@canesin @shargon @erikzhang @localhuman

This partially (or totally) resolves: https://github.com/neo-project/neo/issues/446
Adding also: @belane @vncoelho @jsolman

Is #287 not a good solution to application security issues?

Erik, #287 is a very important change, from contract perspective, and I think we should advance in that direction asap. However, this change here is to give security from user perspective, for any contract on network, even the existing ones. I think these are complementary.

I like this. A user can be sure that only the contract they are invoking will be able to transfer their funds and not the contract that is being dynamically invoked by the contract they are calling. Very powerful from the perspective of developing dynamic contracts.

Should we leave this open and close #446 ?
This has the needed functionality for the use cases I think matter.

Lets keep all of them open, for deeper discussions, because there are small and important differences on each approach. Changes will also affect different layers, neovm, neocontract, etc.

Just to emphasize that this is actually useful in other situations, that may allow deeper utilization and greater programmability of the network. Suppose two users want to trade NEP-5 tokens in a OTC style.
A possible invocation script could be:
PUSH transfer data A -> B (token X)
APPCALL contract token X
PUSH transfer data B -> A (token Y)
APPCALL contract token Y

However, A is only interested in signing operation regarding transfer on contract X.. and B is only interested in signing operations involving contract Y. Right now it's impossible to isolate, and the signatures of A and B will be valid for the whole process.
Anyway, it's not a huge advance, since both A and B will need to sign the whole script, and both of them could possibly review the whole process in details before signing. But still, knowing that your signature will only be valid in a much constrained scenario gives more power to create more secure and advanced use-cases, on a smart transaction network.
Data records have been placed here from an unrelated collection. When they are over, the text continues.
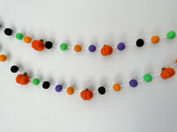 Made of 2.5 cm felt wool balls and solid wool pumpkins, strung on white cotton cord (or your choice of colored Bakers Twine if you place the FREE Bakers Twine listing in your cart as well). Balls and shapes on the garland are not knot tied, and can be slid around with gentle pressure to get the look you desire. They will stay where you want them on the cotton cord.
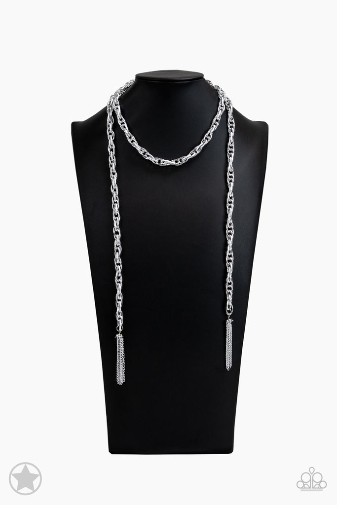 A single strand of spiraling, interlocking links with light-catching texture is anchored by two tassels of chain that add dramatic length to the piece. Undeniably the most versatile piece in Paparazzi's history, the scarf necklace features FIVE different ways to accessorize: Open Layer, Loop, Traditional Wrap, Double Knot, and Nautical Knot.
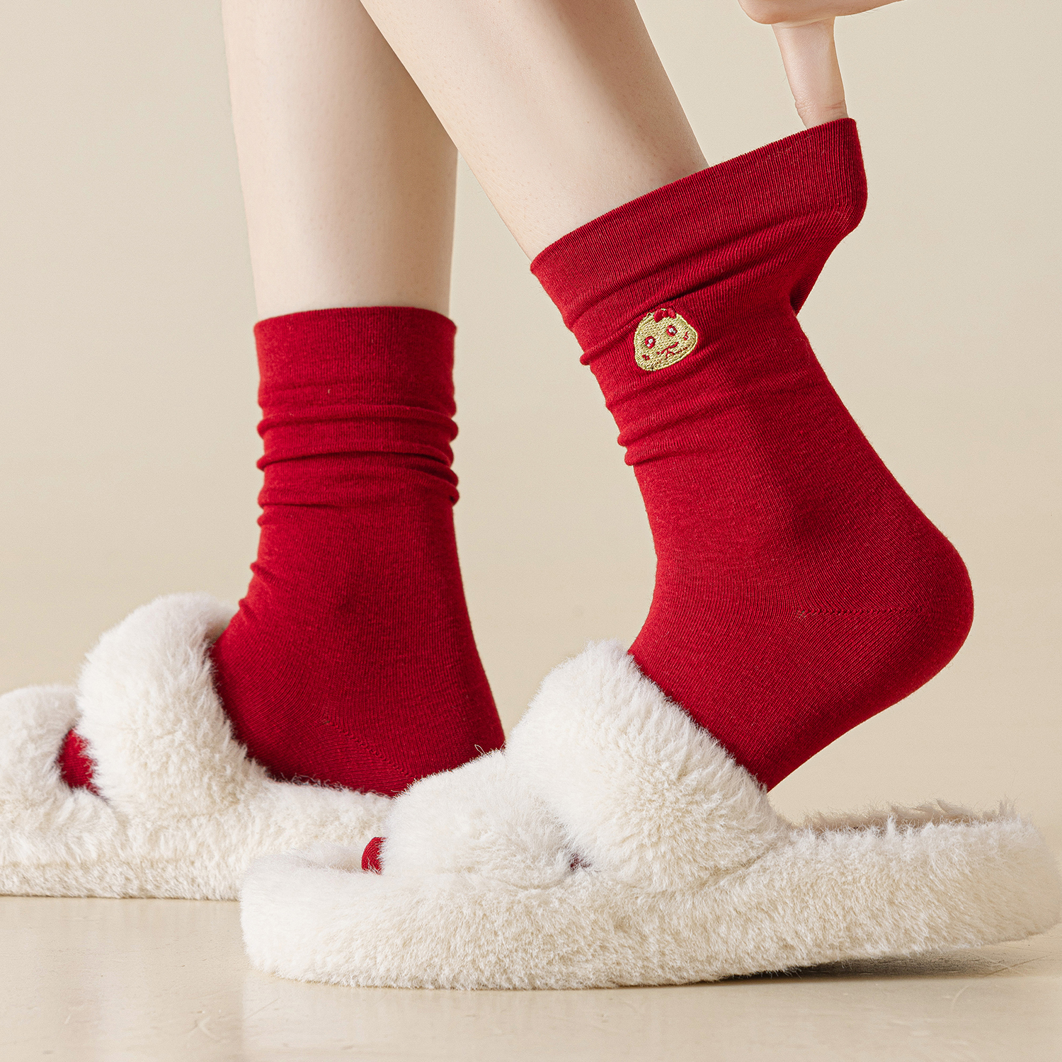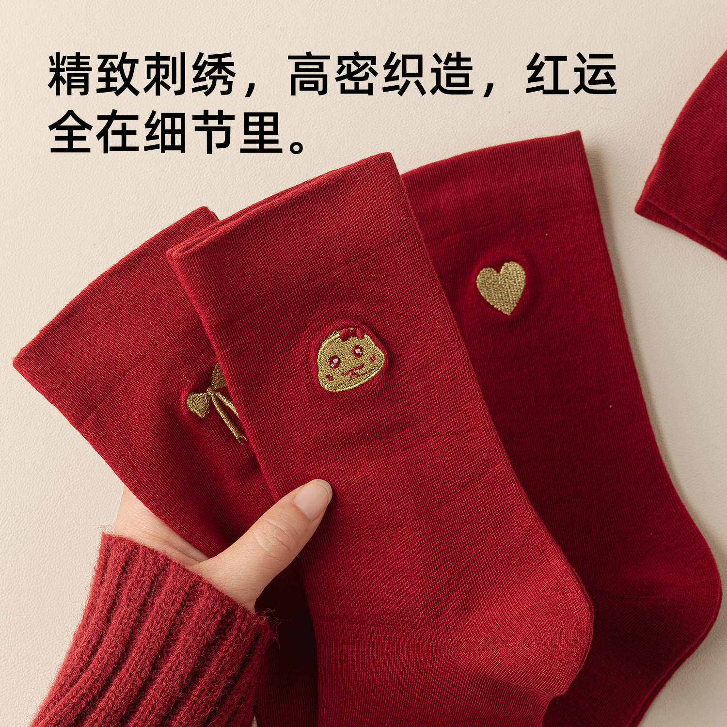 本命年袜子女秋冬季 长袜刺绣结婚喜庆好运2025蛇年新年冬天中筒袜
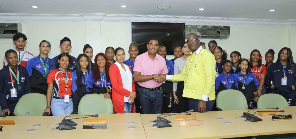 Los Alcarrizos.- El alcalde Cristian Encarnación recibió la delegación de Los Alcarrizos que participó en el Torneo Internacional de Vóleibol que se llevó a cabo del 22 al 24 de julio en Guatapé-Colombia, quienes se alzaron con el segundo lugar en masculino y el tercero por el equipo femenino.
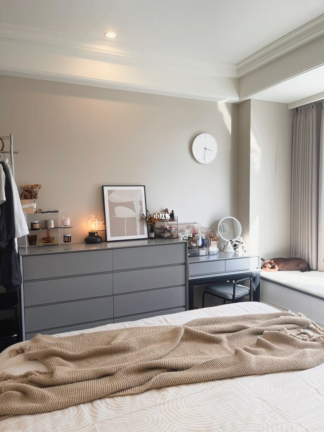 ④主卧 | 床尾布置斗柜+梳妆台,10㎡的房间也能充分利用床尾空间,柜子收纳,台面摆放各种装饰品。
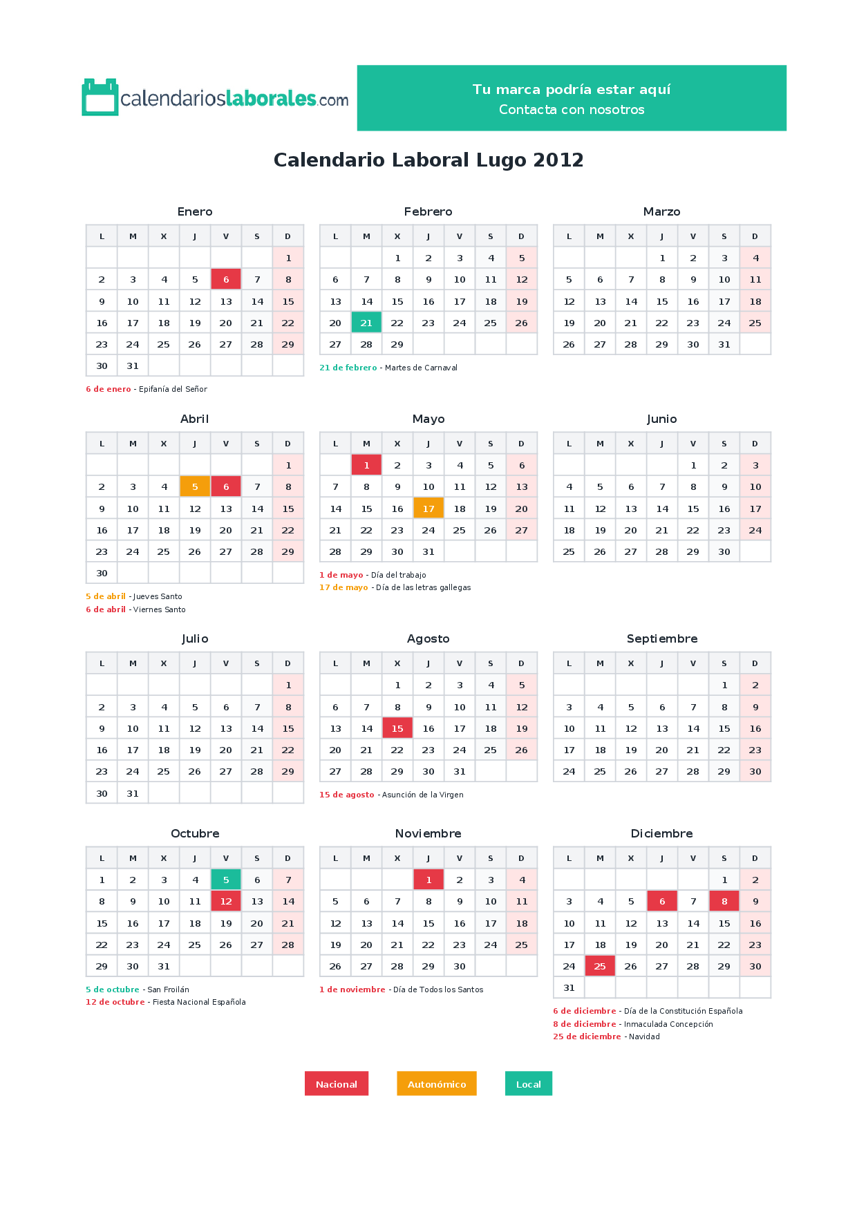 El calendario laboral de Lugo en 2012 cuenta con un total de 13 días festivos, que incluyen festivos nacionales, festivos autonómicos de Galicia y los festivos locales establecidos por cada municipio.
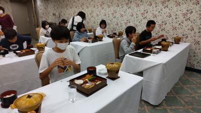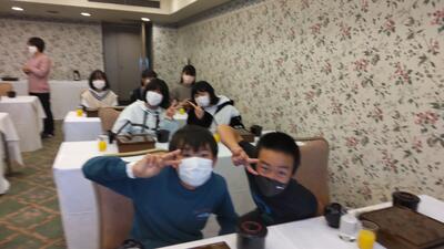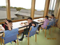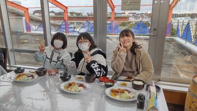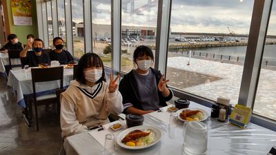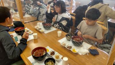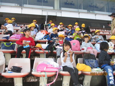 昼食は、レースが行われるグランドスタジアムの観覧席でいただきました。バイクの大きな音に少し驚いていたようです。事前に話し合った活動のきまりを守り、皆で楽しく過ごすことができました。

https://github.com/neo-project/neo-vm/blob/0675aa199fc2c71eac7c3123e73b5a77692417d8/src/neo-vm/OpCode.cs#L379-L382

Can we use the opcode VERIFY to verify the signatures of some conventional data?

@erikzhang we cannot sign any conventional data, because not all witnesses include a public key cryptography (it could be a password-lock script, for example). More elaborate contracts such as multi-sig would also have no way of signing a conventional data.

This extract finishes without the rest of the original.